In order to solve this question I used R software.

R codes and output:

> d=read.table('football.csv',header=TRUE, sep=',')
> head(d)
Yds.Att Int.Att Win
1 6.5 0.042 50.0
2 7.1 0.022 62.5
3 7.4 0.033 37.5
4 6.2 0.026 56.3
5 7.2 0.024 62.5
6 8.9 0.014 93.8
> attach(d)
The following objects are masked from d (pos = 3):

Int.Att, Win, Yds.Att

> fit_1=lm(Win~Yds.Att)
> summary(fit_1)

Call:
lm(formula = Win ~ Yds.Att)

Residuals:
Min 1Q Median 3Q Max
-25.020 -15.072 3.643 6.847 33.531

Coefficients:
Estimate Std.
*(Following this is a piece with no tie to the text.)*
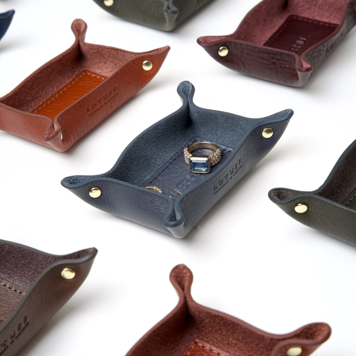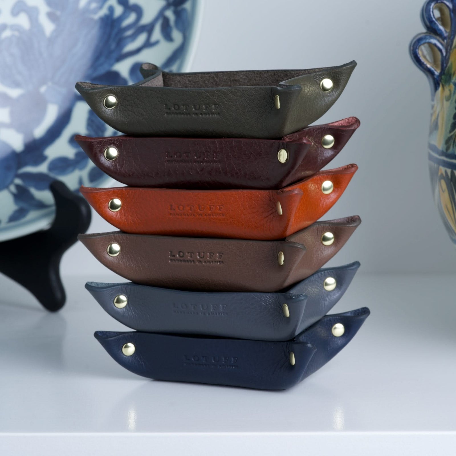 Keep your Haverhill jewelry organized and beautifully displayed with this thoughtfully designed tray, created in collaboration with Rhode Island leather brand, Lotuff. Handcrafted from premium vegetable-tanned leather, each tray comes in a surprise color, every option thoughtfully chosen for its sophisticated appeal. Perfect for storing your favorite pieces, this locally crafted tray combines style and practicality, reflecting the quality and care behind every Haverhill creation.
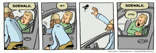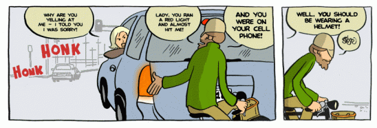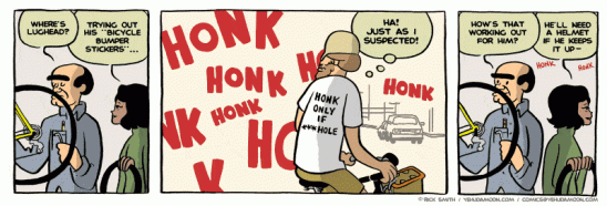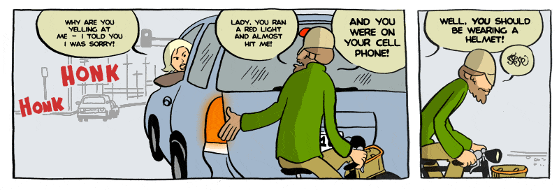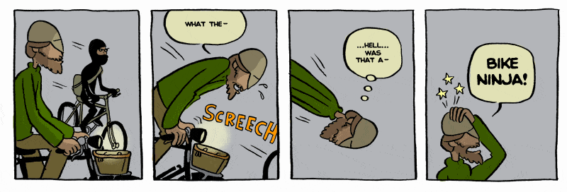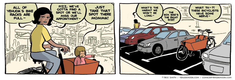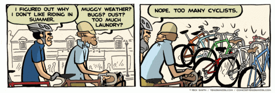 Nepopírám, že jde o komiks, který mne dlouhodobě těší. Najdete zde stovky denních stripů z prostředí malého obchodu s jízdními koly, ve kterém společně pracují trochu cykloaktivistický Yehuda a silničkář Joe, takoví „jing a jang cyklistiky,“ dost odlišní na dobrý sitkom, sdílející ale lásku k jízdním kolům. Komiks ale představí i několik pěkně těžkých příběhů (zejména ten první, o ghostbiku – ale, kdo neznáte, raději bez spoilerů). Můžete se probírat stripy od začátku a budete mít na několik dnů vystaráno.

Error t value Pr(>|t|)
(Intercept) -58.77 26.18 -2.245 0.041423 *
Yds.Att 16.39 3.75 4.371 0.000639 ***
---
Signif. codes: 0 ‘***’ 0.001 ‘**’ 0.01 ‘*’ 0.05 ‘.’ 0.1 ‘ ’ 1

Residual standard error: 15.87 on 14 degrees of freedom
Multiple R-squared: 0.5771, Adjusted R-squared: 0.5469
F-statistic: 19.11 on 1 and 14 DF, p-value: 0.0006393

> fit_2=lm(Win~Int.Att)
> summary(fit_2)

Call:
lm(formula = Win ~ Int.Att)

Residuals:
Min 1Q Median 3Q Max
-43.425 -5.277 0.274 16.172 22.883

Coefficients:
Estimate Std. Error t value Pr(>|t|)
(Intercept) 97.54 13.86 7.036 5.9e-06 ***
Int.Att -1600.49 484.63 -3.303 0.00524 **
---
Signif. codes: 0 ‘***’ 0.001 ‘**’ 0.01 ‘*’ 0.05 ‘.’ 0.1 ‘ ’ 1

Residual standard error: 18.3 on 14 degrees of freedom
Multiple R-squared: 0.4379, Adjusted R-squared: 0.3977
F-statistic: 10.91 on 1 and 14 DF, p-value: 0.005236

> fit_3=lm(Win~Yds.Att+Int.Att)
> summary(fit_3)

Call:
lm(formula = Win ~ Yds.Att + Int.Att)

Residuals:
Min 1Q Median 3Q Max
-26.075 -3.099 1.149 6.265 17.112

Coefficients:
Estimate Std. Error t value Pr(>|t|)   
(Intercept) -5.763 27.147 -0.212 0.83517   
Yds.Att 12.949 3.186 4.065 0.00134 **
Int.Att -1083.788 357.117 -3.035 0.00958 **
---
Signif. codes: 0 ‘***’ 0.001 ‘**’ 0.01 ‘*’ 0.05 ‘.’ 0.1 ‘ ’ 1

Residual standard error: 12.6 on 13 degrees of freedom
Multiple R-squared: 0.7525, Adjusted R-squared: 0.7144
F-statistic: 19.76 on 2 and 13 DF, p-value: 0.0001144

Que.a

Y= -58.77 + 16.39 X1

Proportion of variation = 57.7%

Que.b

Y = 97.538 - 1600.491 X2

Proportion of variation= 43.8%

Que.c

Y = -5.763 + 12.949 X1 - 1083.788 X2

Proportion of variation = 75.3%

Que.d

> data=data.frame(Yds.Att=6.7,Int.Att=0.043 )

> predict(fit_3,newdata=data)

1 34.39452

Predicted value = 34.4%

Actual win % = 7/(7+9) * 100 = 43.8%

The Buffalo Bills performed worse than what we predicted by  9.4% (43.8 - 34.4)

Que.e

Goodness of fit of any model is checked by F test. For this model,

F-statistic: 19.11 on 1 and 14 DF, p-value: 0.0006393

Since p-value is less than 0.0006393, which is less than 0.05, hence we reject null hypothesis and conclude that this model provide good fit.